At its core, the new FSMA preventive controls rules call for the development of a written Food Safety Control Plan by all the qualified facilities as a conditional requirement towards the fulfillment of the requirements. Does this mean that a facility cannot employ new technological applications, such as a modular approach (use of models), in describing its food safety systems (especially if it’s food safety system is nested within the an enterprise corporate food safety program in a complex structure)?
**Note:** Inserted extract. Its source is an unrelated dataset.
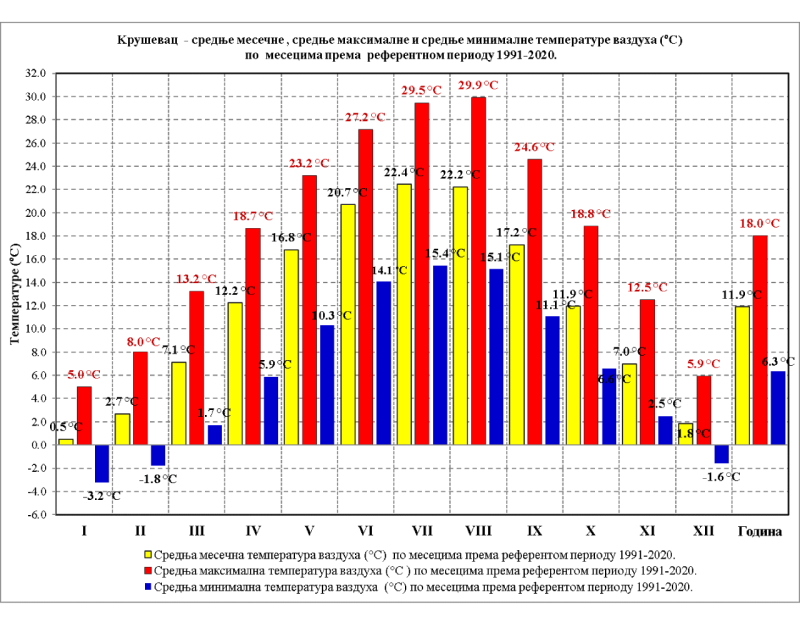 Apsolutni dnevni maksimum temperature vazduha u Kruševcu zabeležen je 26. jula ove godine, 44,0 °C, a minimum je bio -30,0 °C, 7. januara 1947. godine.

For example, if it develops a computerized model depicting its entire food supply chain (internal and external processes) with the capability of providing the granular interactions and interrelationships within and among all the processes involved in the manufacture of its product as a means of enabling an efficient end-to-end visibility of its manufacturing operations from supplier to consumers (including all the non-linear interrelationships that interplay at the boundaries of the facility food safety system and the larger corporate food safety system) and all the controls that have been effected to assure the safety of its product, does it still have to create redundant manual interpretations of this model in a written document that is formatted per the current regulatory requirements in order to maintain its registration? Will that add to inefficiency, negatively impacting on business goals? Further to this, inefficient processes, however effective they may be, may not be sustainable from a business point of view!
My opinion is that flexibility should be incorporated into the regulatory text to make room for adoption of future technological applications by facilities. This would require the revision of the regulatory text of the key elements at the heart of the HARPC; instead of mandating facilities to have written food safety plans, it should adopt a more accommodative approach of requiring facilities to have documented food safety plans that would allow room for application of electronic formats, such as use of food safety models, to describe the food safety control measures in those enterprise facilities that have complex organizational food safety systems.
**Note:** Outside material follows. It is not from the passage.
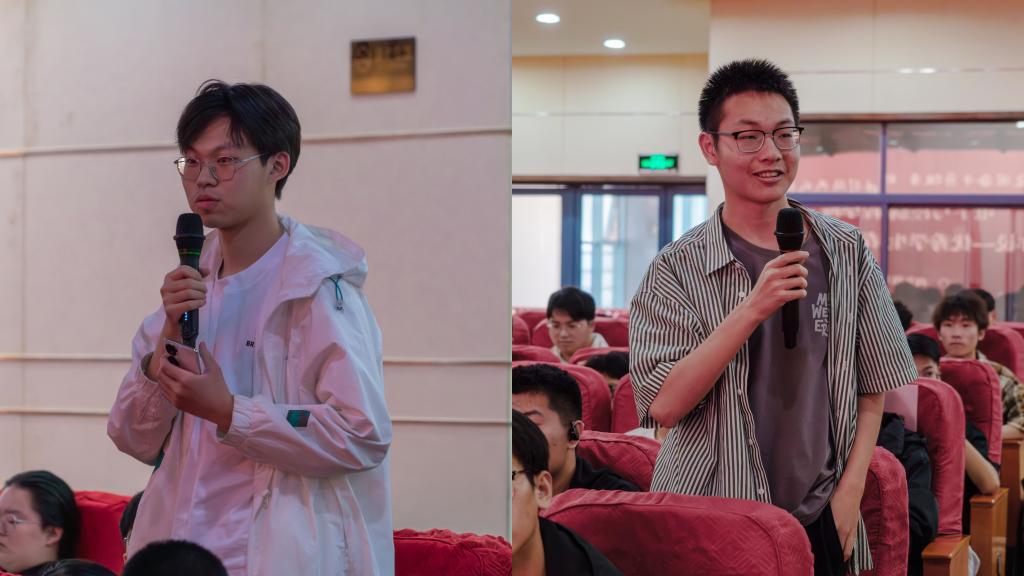 宣讲环节,宣讲团成员曹智勇、胡靖凡、刘敦强、冷怀诚分别围绕课程学习、团学工作、班级建设、科创竞赛等方面进行分享。他们强调了基础课学习的重要性,分享了专业课的有效学习方法、参加科创竞赛的经验体会、如何有效兼顾学习与工作等,激励学弟学妹不畏挑战、勇敢追梦,积极进取、追求卓越。

On a parting shot that is just a food for thought: In the medical industry, new technological applications such as computer-generated simulation models are employed by teams of surgeons when preparing to undertake complex surgeries. No documentation is used, all the team members’ suggestions and evaluations of the potential risks related to the operation procedures under study are captured in the electronic models and can be available at the click of a button (in case a review is needed), thus no such “written plans” are required.
This is the trend of the future!
The views presented in this article are the author’s opinion and are not representative of the Hershey Company.